For gems see “Gobineau” in the Rev. archéol., vols. xxvii., xxviii. (1874); Ménant, Recherches sur la glyptique orientale, ii. 189 f.; E. Babelon, Catalogue des camées de la Bibl. Nat. (1897), p. 56; A. Furtwängler, Die antiken Gemmen, pp. 165, 369 ff.; Figurines: Heuzey, Fig. ant. du Louvre (1883) p. 3; J. P. Peters, Nippur, ii. 128; Military standard: Heuzey, Comptes rendus de l’Acad. d. Inscr. (1895) p. 16; Rev. d’Assyr. v. (1903), p. 103 f. Alabaster vase: Sykes, Ten Thousand Miles in Persia, p. 445. In the case of the architectural remains, the Greek tradition is obvious at Hatra (Jacquerel, Rev. archéol., 1897 [ii.], 343 f.), and in the relics of the temple at Kingavar (Dieulafoy, L’Art antique de la Perse, v. p. 10 f.).

If any vestige of Hellenism still survived under the Sassanian kings, our records do not show it. The spirit of the Sassanian monarchy was more jealously national than that of the Arsacid, and alien grafts could hardly have flourished Sassanian empire. under it. Of course, if Darmesteter was right in seeing a Greek element in Zoroastrianism, Greek influence must still have operated under the new dynasty, which recognized the national religion. But, as we saw, the Greek influence has been authoritatively denied. At the court a limited recognition might be given, as fashion veered, to the values prevalent in the Hellenistic world. The story of Hormisdas in Zosimus is suggestive in this connexion (Zosim. Hist. nov. ii. 27). Chosroes I. interested himself in Greek philosophy and received its professors from the West with open arms (Agath. ii. 28 f.); according to one account, he had his palace at Ctesiphon built by Greeks (Theophylact. Simocat. v. 6).

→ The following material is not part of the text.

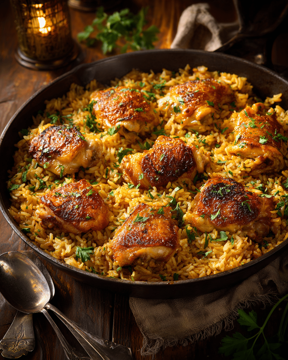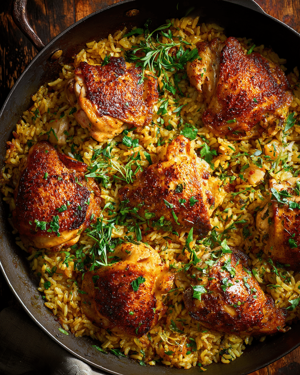 The result? Golden, crispy-skinned chicken atop a bed of buttery, flavorful rice that tastes like it’s been simmered all day — all with minimal effort.

But the account of Chosroes’ mode of action makes it plain that the Hellenism once planted in Iran had withered away; representatives of Greek learning and skill have all to be imported from across the frontier.

For Hellenism in Babylonia and Iran, see the useful article of M. Victor Chapot in the Bull. et mémoires de la Soc. Nat. des Antiquaires de France for 1902 (published 1904), p. 206 f., which gives a conspectus of the relevant literature.

(iii.) Asia Minor.—Very different were the fortunes of Hellenism in those lands which became annexed to the Roman Empire.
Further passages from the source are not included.